The Ruby Notebook Page 13
Love,
J.C.
P.S. Make every day a song.
Layla speaks softly, in a kind of trance. “Marseille. He lived in Marseille. Right here in Provence.” A sudden look of comprehension flashes over her face. “The List! J.C. must have been the one to recommend coming here. The first place on my List.”
Barely registering her words, I grab the letters and stuff them back into the envelope. “He’s a coward,” I say. “A selfish, cruel coward.”
“I’m so sorry, love.” Layla tries to hug me, but I pull away.
We’re quiet for a while. I let a kind of numbness settle over me. I hear a truck rumbling by. The neighbor boys laughing. A baby screaming. Some distant Middle Eastern music.
Then Layla starts crying, burying her face in her hands.

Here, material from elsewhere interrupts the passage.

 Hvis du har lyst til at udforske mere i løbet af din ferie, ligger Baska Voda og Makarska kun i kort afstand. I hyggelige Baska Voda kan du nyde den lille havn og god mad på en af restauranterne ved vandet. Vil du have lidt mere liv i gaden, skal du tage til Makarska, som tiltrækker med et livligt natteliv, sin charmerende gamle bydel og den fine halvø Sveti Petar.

I crack, let my own tears spill over. I hate seeing her like this. And she’s all I have. I lean my head against hers, try to still her shaking shoulders with my hands. Together, we sit under the stars, watching a silver cat creep across the roof, the blinking light of an airplane crossing the sky. My fantôme father is somewhere out there, hiding, and for all I care, he can stay hidden. Layla and I are fine on our own. We’ve always been fine.
My apartment buzzer rings just as the clock tower is chiming for the seventh time. Wendell is punctual. Seven o’clock on the dot, right on time for Illusion’s dinner party. I grab my bag, call goodbye to Layla, and jog downstairs and out the door. It’s the time of day when the sun’s so low, the streets feel like deep, shadowy canyons. The angled light illuminates the treetops, the red-tiled roofs, the sheets and clothes hanging out fourth-story windows. But below, we’re in the shadows.
Wendell can tell right away something’s wrong. “What happened, Z?”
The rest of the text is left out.